We generated 10,000 random peptides 42 AAs long and their corresponding theoretical nanospectra using the 1AAV-P method. Subsequently, DTW was used to align the theoretical spectra and the alignment consensus nanospectra of Aβ1–42 and SAβ1–42 separately. The average PCC between the random peptides and the consensus nanospectrum was 0.837 for Aβ1–42 and 0.803 for SAβ1–42 (Fig. S5). Based on the PCCs of the random peptides, the estimated p-value of the match between the theoretical and alignment consensus nanospectra was 0.0002 for Aβ1–42 and 0.0022 for SAβ1–42.

We also compared the alignment consensus nanospectrum of Aβ1–42 with the theoretical nanospectrum of SAβ1–42 using the 1AAV-P model. The PCC of the two nanospectra with DTW was 0.861 (Fig. S6a), which was consistent with the PCCs between the alignment consensus nanospectrum of Aβ1–42 and the theoretical nanospectra of random peptides (Fig. S5). Although DTW increases the PCC between an empirical nanospectrum and the theoretical nanospectrum of a random peptide, the PCCs of a random peptide and the peptide from which the experimental nanospectrum was generated can be separated. Similarly, the PCC (0.769) between the alignment consensus nanospectrum of SAβ1–42 and the theoretical nanospectrum of Aβ1–42 (Fig. S6b) was lower than that (0.903) of the alignment consensus and theoretical nanospectra of SAβ1–42.

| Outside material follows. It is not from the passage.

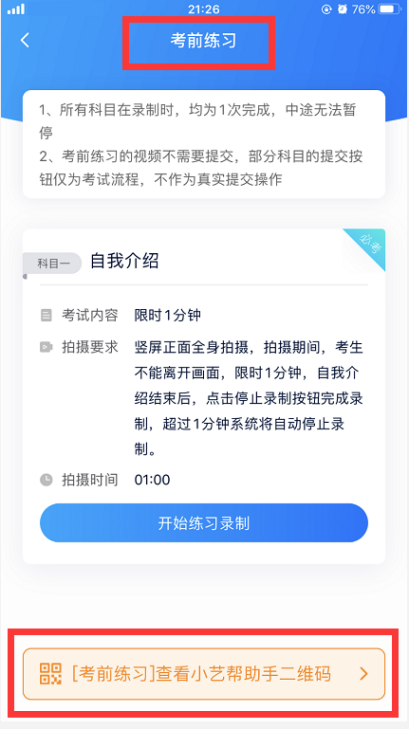 参加正式考试前务必要充分参加考前练习,以提前熟悉操作流程和考试流程。在考试详情页点击考前练习,允许访问麦克风及摄像头,请仔细阅读考试相关要求,根据要求进行练习录制,考前练习不限时间不限次数,也不需要提交录制视频。部分考试科目可提前结束录制,部分科目需要等待系统自动结束录制。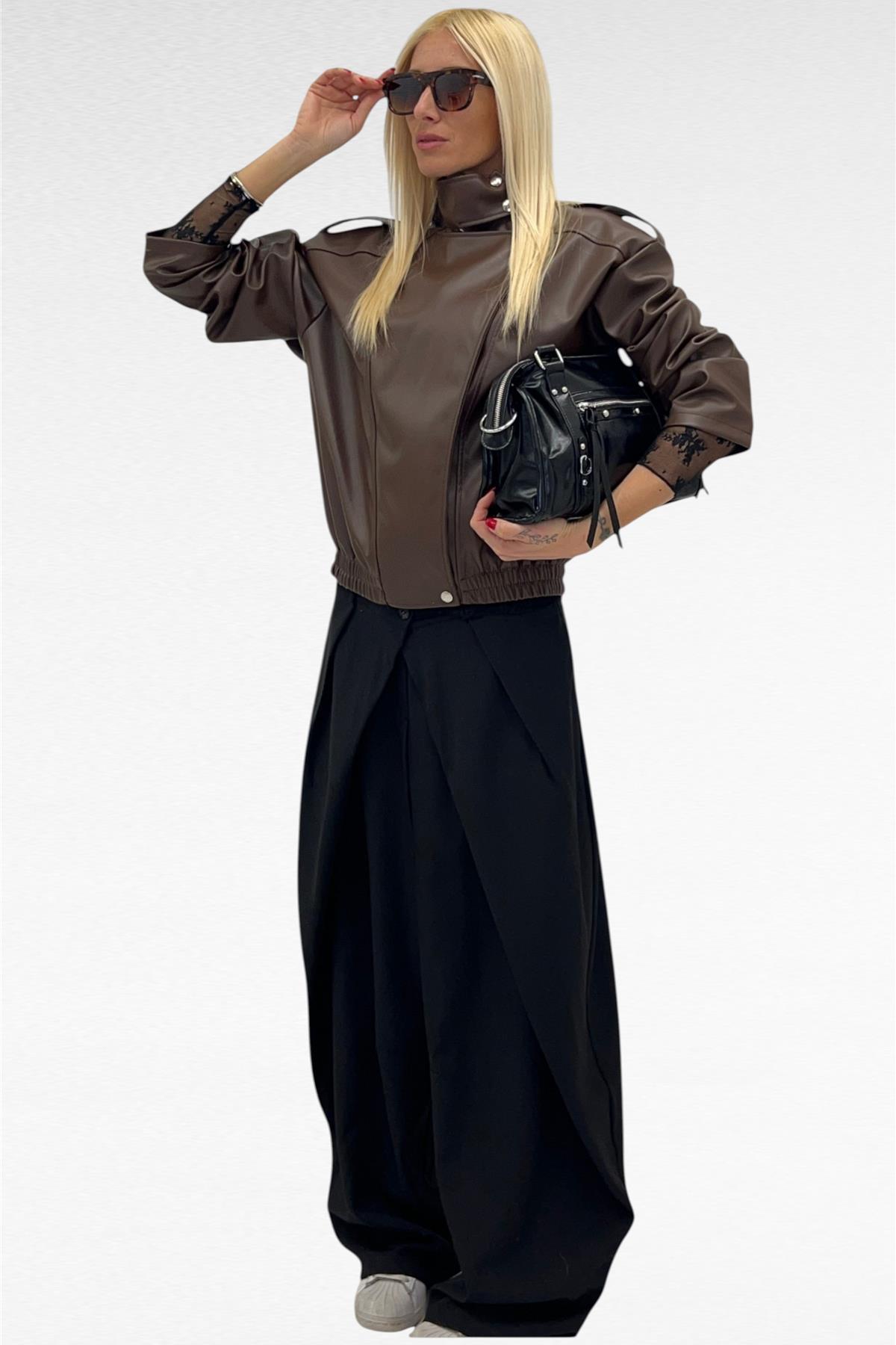 Pantalone con chiusura incrociata a doppio bottone e zip di chiusura, pence frontali con tasche laterali e gamba ampia.

Discussion and conclusions

Various computational methods for signal processing, blockade current prediction, and identification of nanospectra using Aβ1–42 and SAβ1–42 peptides have been scrutinized for protein sequencing and identification. Since raw nanospectra are noisy, an indispensable pre-processing step is to use average nanospectra and alignment to obtain high-quality consensus nanospectra. Progressive alignment between the average consensus and top raw nanospectra could further improve the consensus of Aβ1–42, but not SAβ1–42. Apparently, the performance of the alignment method depends on the quality of raw nanospectra.

The experimental results showed that a sub-nanopore can identify purified peptides with only hundreds or thousands of molecules. Compared with MS, which needs hundreds of thousands of molecules for peptide identification, sub-nanopores increase the sensitivity in peptide identification by hundreds of folds. The high sensitivity of sub-nanopores will make it possible to identify and quantify low abundance proteins in single cells, which is still challenging for MS-based methods. In addition, sub-nanopores have inherent advantages in peptide/protein quantification. The abundance of a peptide/protein can be measured by counting the number of nanospectra reported in the data, which is much more accurate than MS-based peptide/protein quantification, which is hampered by the complexity in MS experiments, such as protein digestion and peptide ionization.

Six methods for predicting blockade signals of AAs were tested and benchmarked. Adding the positional information into blockade signal prediction improved the PCCs between theoretical and empirical nanospectra. Because only 84 data points were used for training and validation, only the 1AAV method showed similar accuracy in training and validation. The 3AAV and AAG methods obtained small prediction errors in the training data, but their validation errors were large. These methods have the potential to improve prediction accuracy, but more training data are needed to address the overfitting problem.

Many computational problems in nanospectral data analysis have not been well studied. For example, nanospectral clustering is an important pre-processing step for analyzing nanospectra of peptide mixtures, and predicting the peptide length of nanospectra is needed to identify truncated proteoforms. There are still no software tools for these problems. Accurate theoretical nanospectra can significantly increase the statistical significance of identifications in database search. So further improvement in the accuracy is needed for predicting theoretical nanospectra of peptides and those with PTMs—molecular dynamics simulations may be useful in this endeavor. De novo peptide sequencing from nanospectra is a challenging problem with high impact. A large nanospectral data set is also needed for training machine learning models and testing the performance of nanospectral data analysis methods.